BEGIN Dataset excerpts

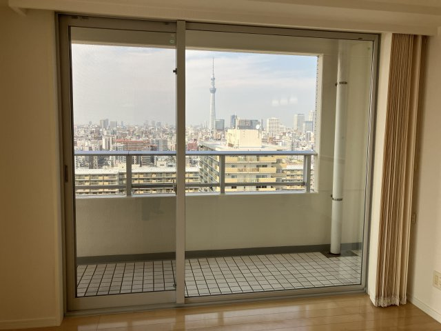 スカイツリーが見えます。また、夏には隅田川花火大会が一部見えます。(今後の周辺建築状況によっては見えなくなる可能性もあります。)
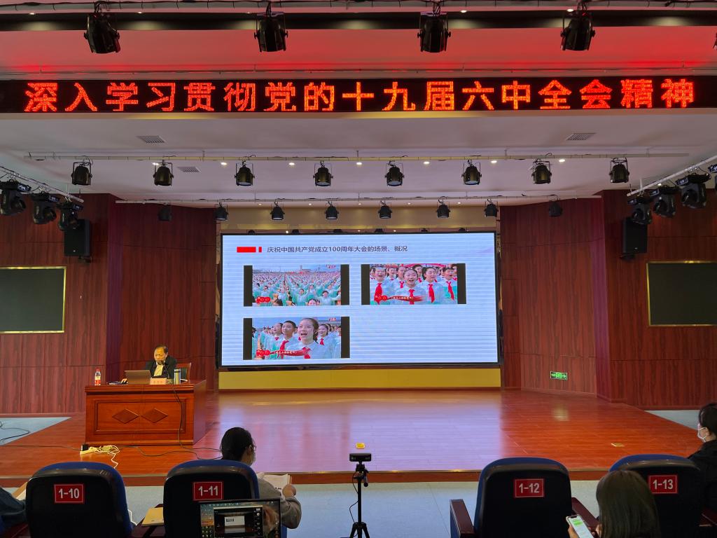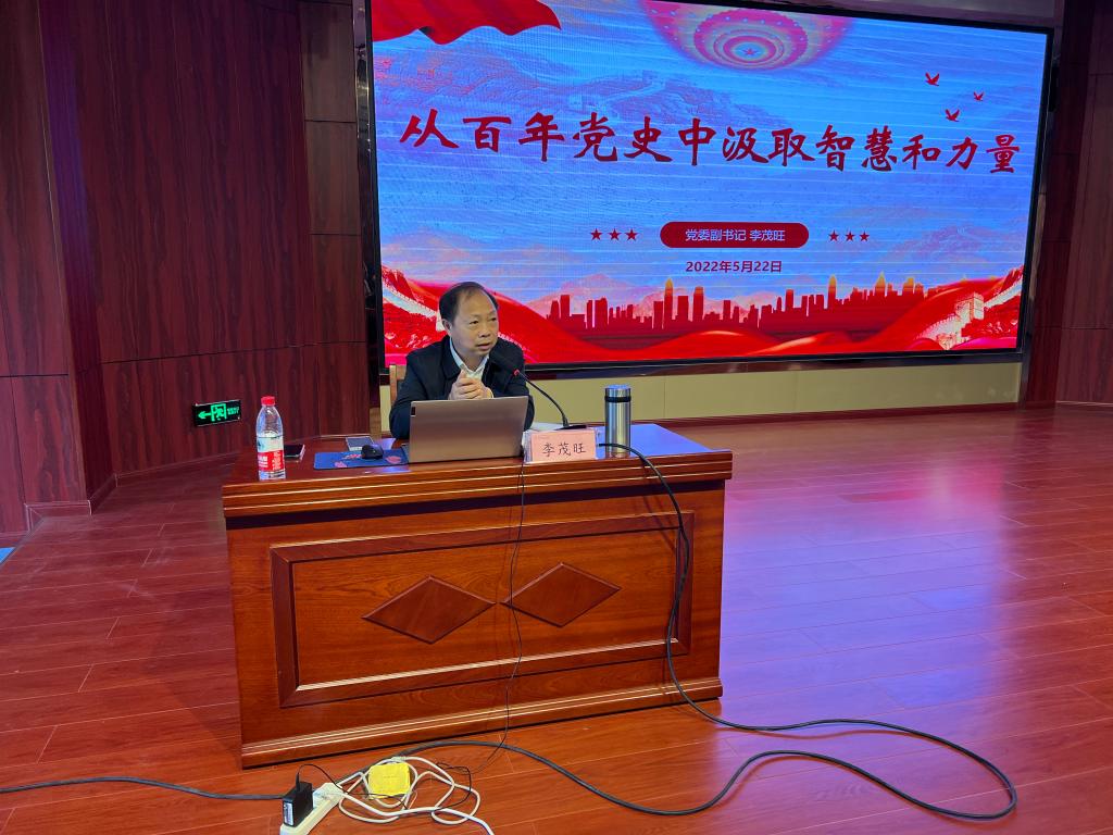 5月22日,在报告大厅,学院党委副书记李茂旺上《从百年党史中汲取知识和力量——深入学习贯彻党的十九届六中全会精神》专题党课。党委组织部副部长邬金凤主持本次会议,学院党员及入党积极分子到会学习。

END Dataset excerpts
BEGIN Dataset excerpts

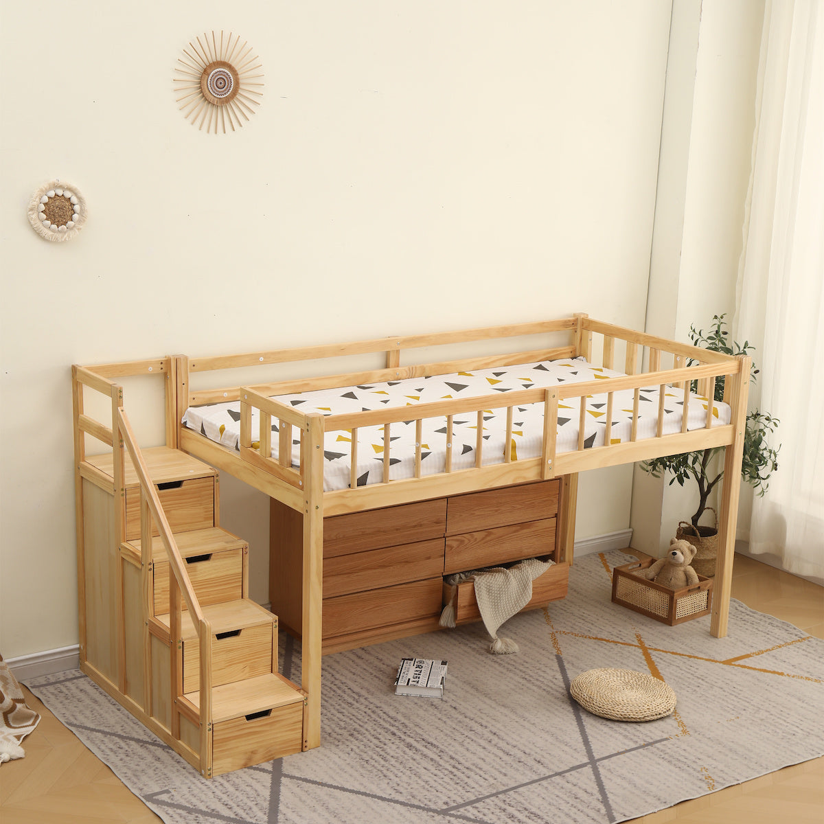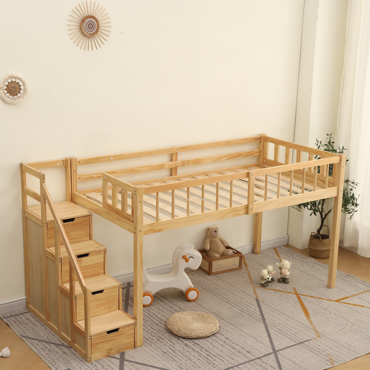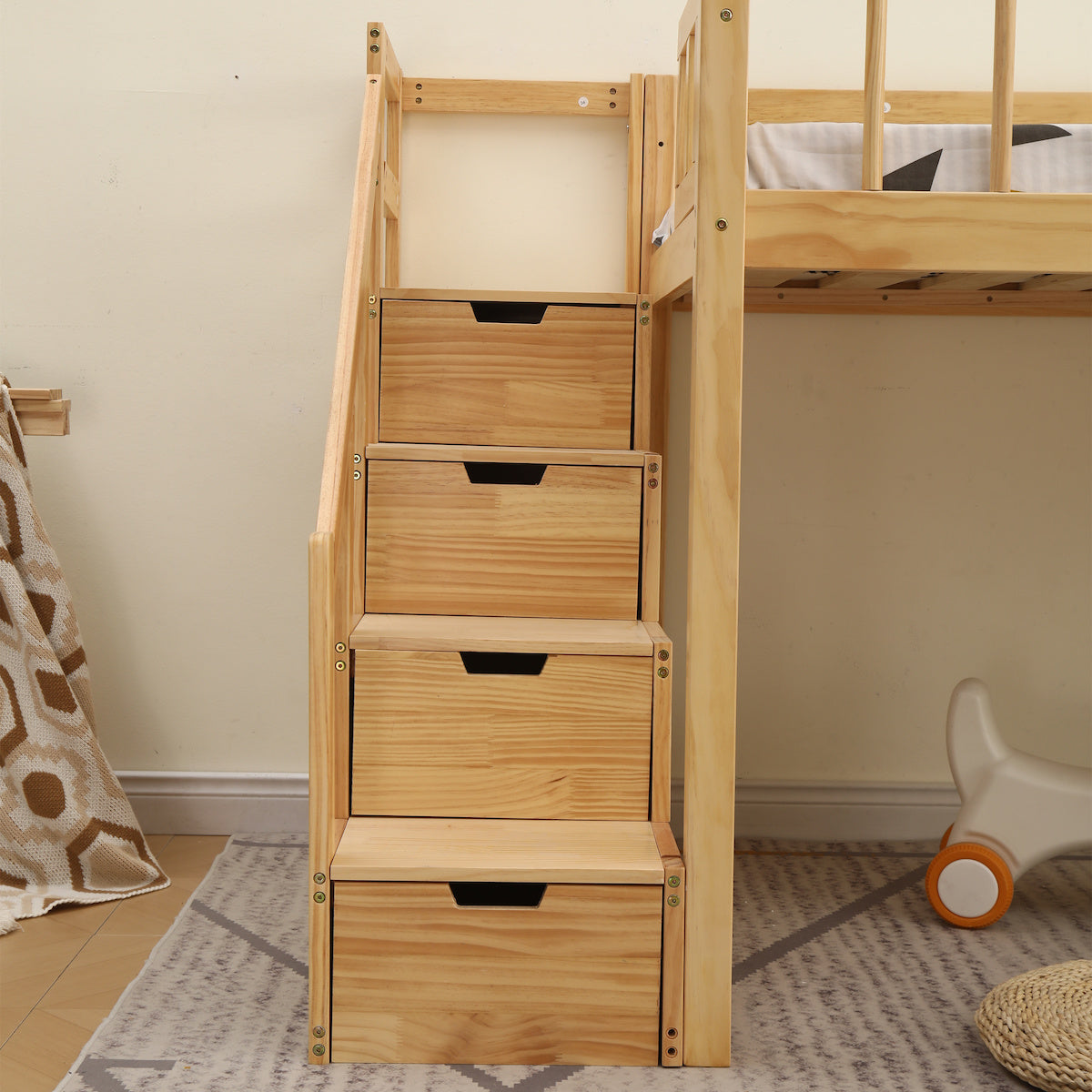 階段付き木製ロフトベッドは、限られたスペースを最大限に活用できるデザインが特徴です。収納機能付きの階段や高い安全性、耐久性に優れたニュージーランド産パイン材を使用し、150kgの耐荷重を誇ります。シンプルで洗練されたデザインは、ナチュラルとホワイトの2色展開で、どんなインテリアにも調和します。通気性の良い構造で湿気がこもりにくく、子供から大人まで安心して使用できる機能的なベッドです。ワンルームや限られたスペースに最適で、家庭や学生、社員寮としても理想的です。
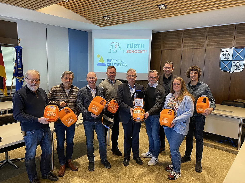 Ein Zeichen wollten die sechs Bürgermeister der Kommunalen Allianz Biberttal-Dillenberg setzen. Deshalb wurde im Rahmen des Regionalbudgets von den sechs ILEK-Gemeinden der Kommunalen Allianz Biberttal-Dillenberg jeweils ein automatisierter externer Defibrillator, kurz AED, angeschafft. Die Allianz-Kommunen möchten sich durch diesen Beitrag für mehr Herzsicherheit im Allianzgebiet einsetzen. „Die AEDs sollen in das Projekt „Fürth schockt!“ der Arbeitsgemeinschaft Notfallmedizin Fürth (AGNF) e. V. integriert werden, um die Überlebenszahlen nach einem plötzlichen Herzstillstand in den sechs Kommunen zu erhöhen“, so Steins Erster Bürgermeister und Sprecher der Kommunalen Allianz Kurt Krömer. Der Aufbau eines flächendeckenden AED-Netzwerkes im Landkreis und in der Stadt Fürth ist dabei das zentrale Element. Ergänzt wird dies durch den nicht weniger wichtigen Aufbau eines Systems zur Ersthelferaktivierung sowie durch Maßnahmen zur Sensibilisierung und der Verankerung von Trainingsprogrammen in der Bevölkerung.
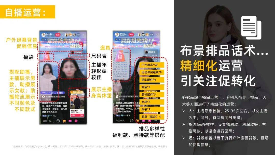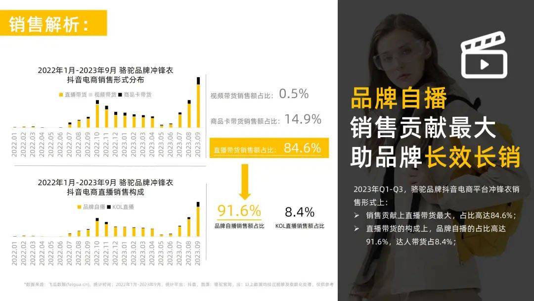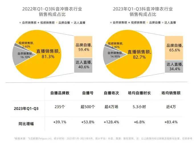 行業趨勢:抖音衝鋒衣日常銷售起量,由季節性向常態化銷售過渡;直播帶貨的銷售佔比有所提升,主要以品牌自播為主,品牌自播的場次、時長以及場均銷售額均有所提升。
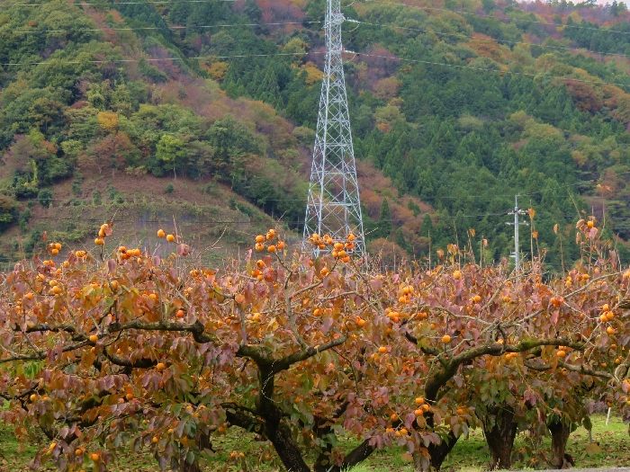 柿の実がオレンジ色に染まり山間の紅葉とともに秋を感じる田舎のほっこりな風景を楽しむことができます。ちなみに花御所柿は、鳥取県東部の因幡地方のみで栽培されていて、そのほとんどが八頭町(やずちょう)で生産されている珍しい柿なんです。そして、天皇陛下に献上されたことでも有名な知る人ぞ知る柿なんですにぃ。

END Dataset excerpts
BEGIN Dataset excerpts

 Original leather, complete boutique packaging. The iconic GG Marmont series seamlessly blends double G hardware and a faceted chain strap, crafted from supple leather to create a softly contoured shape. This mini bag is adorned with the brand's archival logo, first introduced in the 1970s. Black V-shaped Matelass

END Dataset excerpts

__Exercise description__. Using the records above, print exactly the run of lines that starts with the line with "スカイツリーが見えます。また" and goes on through the line with "5月22日,在报告大厅,学院", pictures excluded.

__Solution below__.
 スカイツリーが見えます。また、夏には隅田川花火大会が一部見えます。(今後の周辺建築状況によっては見えなくなる可能性もあります。)
 5月22日,在报告大厅,学院党委副书记李茂旺上《从百年党史中汲取知识和力量——深入学习贯彻党的十九届六中全会精神》专题党课。党委组织部副部长邬金凤主持本次会议,学院党员及入党积极分子到会学习。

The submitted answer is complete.